Not a bug. LXD properly invoked CRIU which then failed to dump your container with a pretty clear error.

Note that even if you get past that network dumping error, there's no way you'll be able to dump a bionic container. Both systemd and AppArmor in those cause structures and sockets that CRIU cannot handle at this time.

YuichiroMaeyama commented 4 years ago

thank you for your quick response. I understood that it was a problem on the CRIU side. So I have two questions

  1. Will live migration succeed if I use a distribution other than Bionic Container? What distribution should I use for live migration?

  2. What are your plans and progress in discussing this issue with the CRIU, and do you plan to incorporate live migration support into milestones in the future? I would appreciate it if you could tell me your plan.
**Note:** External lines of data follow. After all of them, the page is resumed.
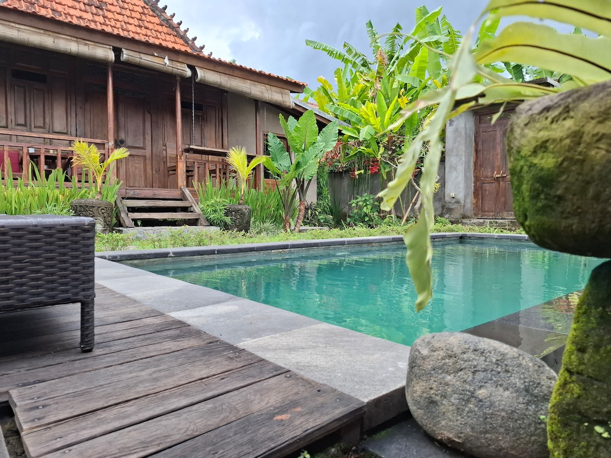A gorgeous century-old antique bungalow, original wooden house brought over from remote a village in Java, decorated with beautiful carvings in recycled teak wood. The balcony is facing the rice fields, with its own private outdoor pool and garden. In the heart of Penestanan village, a short motorbike drive to Blanco musium,champuan bridge walk,ubud place,ubud center,ubud market,mongkey forest,with ploating breakfast on request ,it was my plesure to serve and recomend you, enjoy your holliday.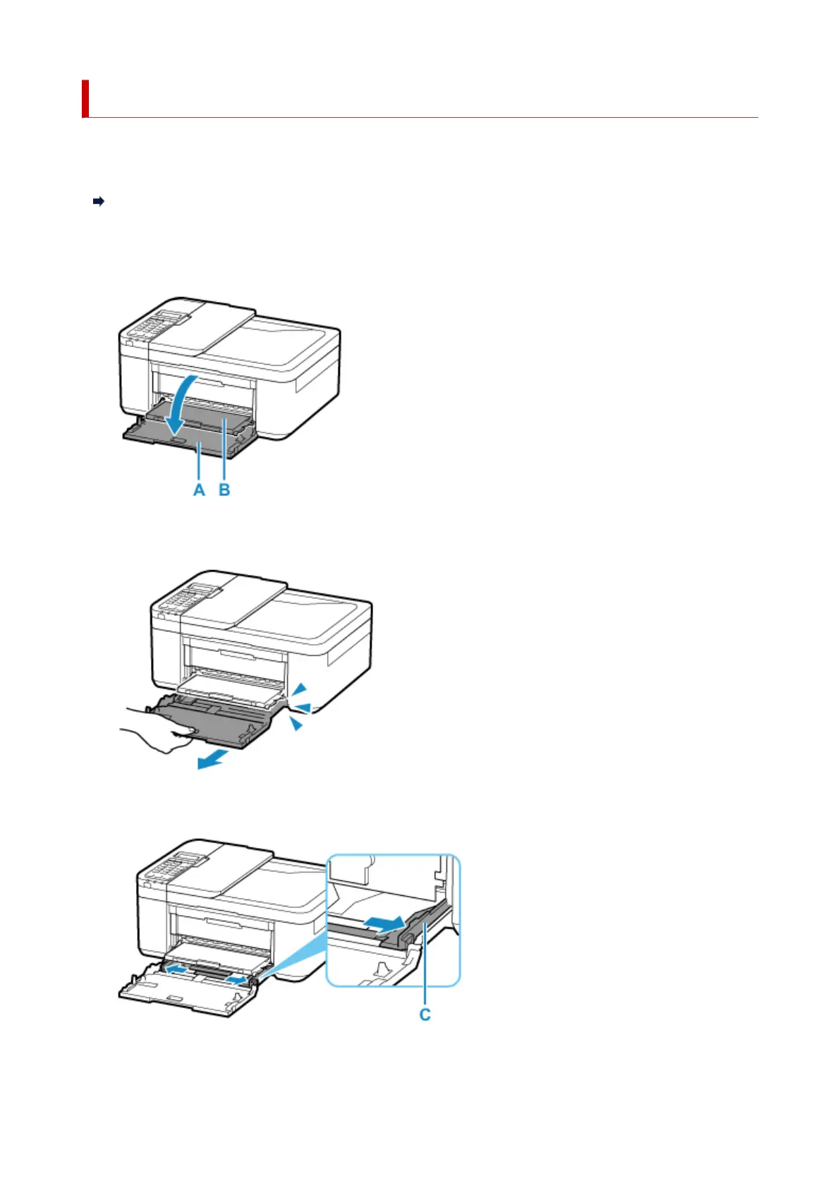 Use the right paper guide (C) to slide both paper guides all the way out.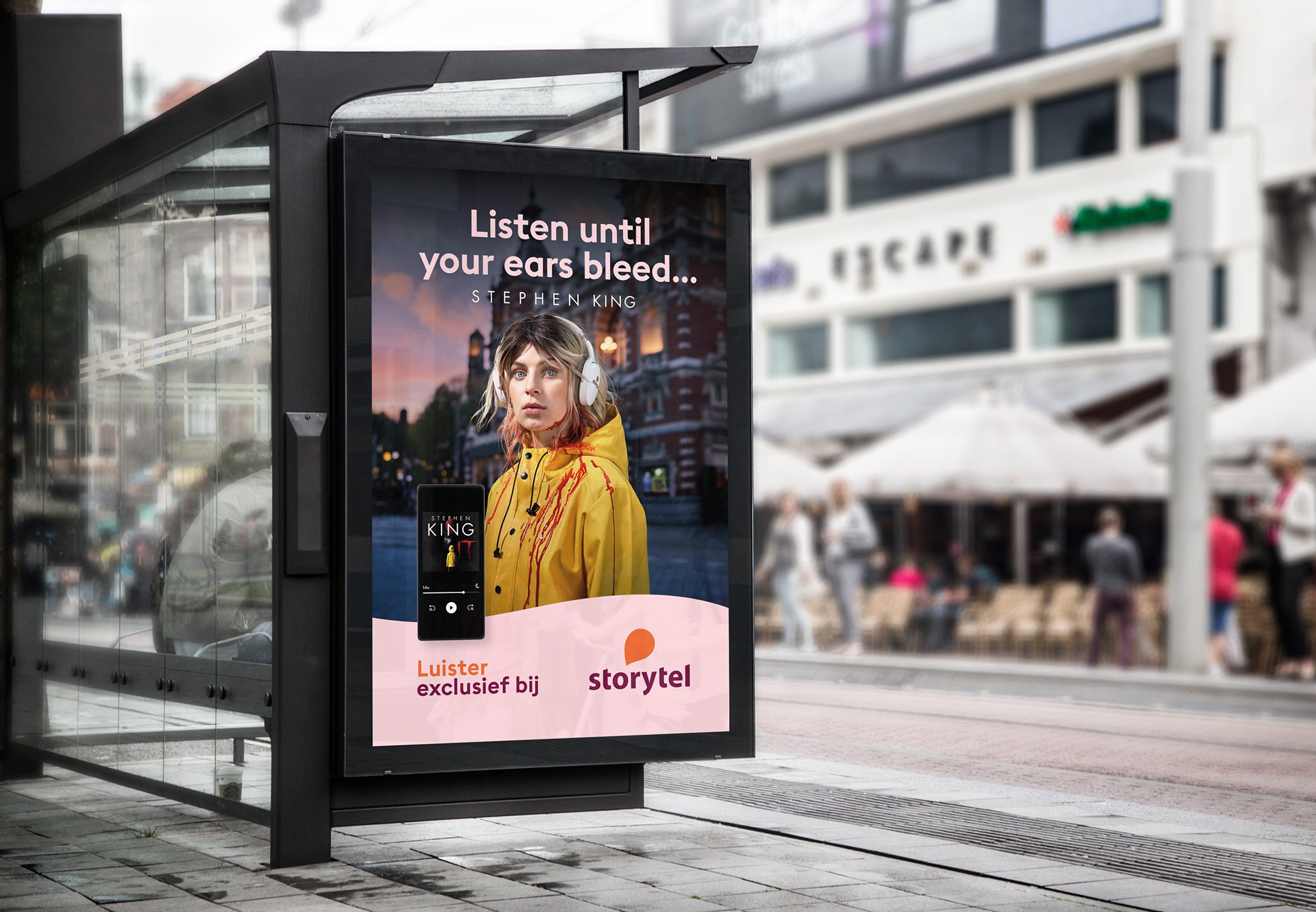 Sinds kort staan alle luisterboeken van Stephen King op Storytel. Je zou dus spreekwoordelijk kunnen blijven luisteren naar zijn bloedstollende verhalen 'until your ears bleed...' Dit was het inzicht voor deze campagne.

stgraber commented 4 years ago

We used to have funding to work on CRIU as mostly a research project type thing, that's what got us our current integration and a number of fixes for CRIU but that is no longer the case and we don't have anyone on the team working on this at this time.

Busybox/Alpine are the best for checkpoint/restore at this time, so long as you don't run any recent services on it. On the network side, currently only containers without a network device are working as I believe our modern network device logic doesn't work with it at this time.

stgraber commented 4 years ago

So it can be used for a demo of CRIU but that's about the extent of its use at this time. There are active users of this mind you, but they have extremely specific workloads which just happen to tick all the right boxes.

stgraber commented 3 years ago

@intrepidsilence until CRIU/liblxc get fixed to handle the current NIC devices, stateless migration is your best bet. You could do a first couple of pass with lxc copy SRC DEST --refresh to get you as close as possible, then stop the source, do another refresh and start the destination.

intrepidsilence commented 3 years ago

@stgraber Thank you so much for the quick reply.